Leora Batnitzky, Eddie Glaude, Eric Gregory, Jeffrey Stout

This field of concentration attends to relations among religious, ethical, and political aspects of culture and to the moral significance of religious traditions. Students are expected to develop specific areas of historical knowledge while also becoming familiar with recent work in theology, philosophy, comparative ethics, politics, and social theory.

The General Examination in Religion, Ethics, and Politics is roughly parallel in structure to the examination in Religion and Philosophy, including a unit on a classic text, a review essay, a study of a particular conceptual problem or normative issue, and a unit administered outside the Department, normally either in Politics or Philosophy. Dissertations in Religion, Ethics, and Politics include interpretative studies of figures and movements, analytical studies of ideas and arguments, and critical studies of culture and society.

Some students in this field formally enroll in the Program in Political Philosophy, jointly sponsored by the departments of Classics, History, Philosophy, Politics, and Religion.
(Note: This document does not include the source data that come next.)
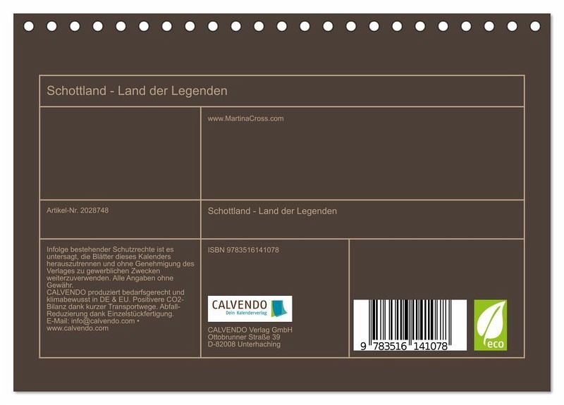 QUALITÄT - Hochwertiger Fotokalender mit 12 wunderschönen Motiven auf lichtbeständigem Bilderdruckpapier, robuste Spiralbindung.NACHHALTIG - deutliche Abfallreduzierung durch bedarfsgerechte Einzelstückfertigung, umweltfreundliches FSC-zertifiziertes Papier, Produktion in Deutschland, klimabewusste Logistik.PERFEKTES GESCHENK - Kalender für Freunde und Familie, für Kinder und Erwachsene, jung und alt, zu Weihnachten, Geburtstag oder zwischendurch.VIELFALT - Bildkalender in verschiedenen Formaten, z.B. DIN A5, DIN A4, DIN A3 sowie DIN A2. Ob Naturmotiv, Gemälde oder Fotos, ideal für ein persönliches Wohlfühlambiente.Schottland, mystisch, einsam, ein Land voller Legenden fotografiert im Panoramaformat von Autor(in): Martina Cross
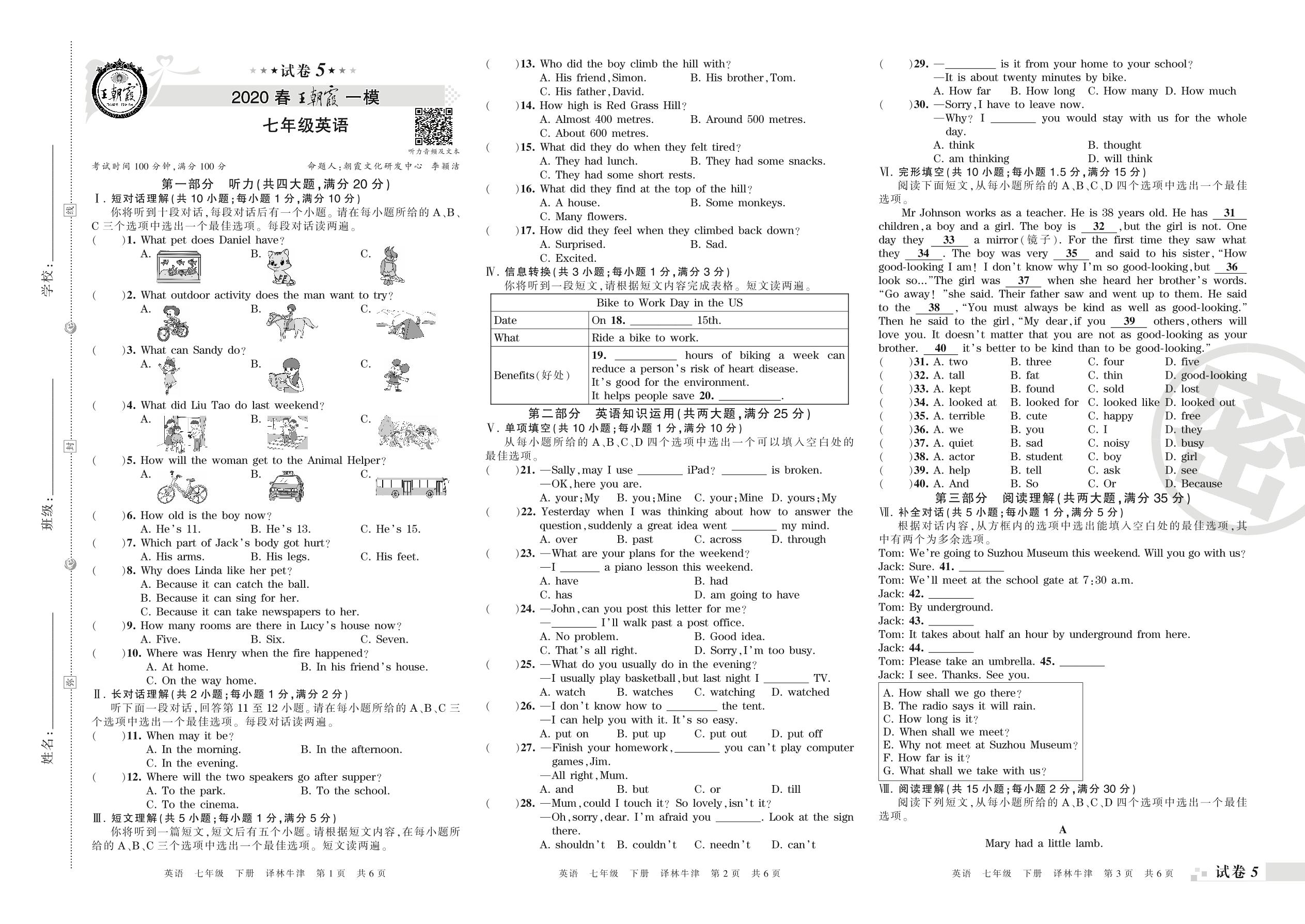 王朝霞期末模拟卷七年级下册英语(译林版)_R210807191403【5】
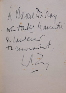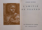 contreplats bordés de maroquin et d'un filet doré, tête dorée, non rogné, couv. et dos conservés, étui [M. Richard] (qq. rousseurs). Deuxième édition, orné d'un portrait de Platon en frontispice, d'un bandeau et d'un cul-de-lampe dessinés et gravés sur bois par Albert Decaris. Exemplaire hors commerce, enrichi d'un envoi autographe signé de l'auteur, destinataire non identifié, « avec toutes les amitiés de l'auteur très reconnaissant ».

For such students the "outside" unit of the Examination is administered by the Program, and covers the history of Western political theory.

All students in Religion, Ethics, and Politics do some of their work outside the Department, with such professors as Cornel West in the Center for African American Studies, Robert George, Philip Pettit, and Melissa Lane in Politics, John Cooper and Alexander Nehamas in Philosophy, and John Bowlin at Princeton Theological Seminary.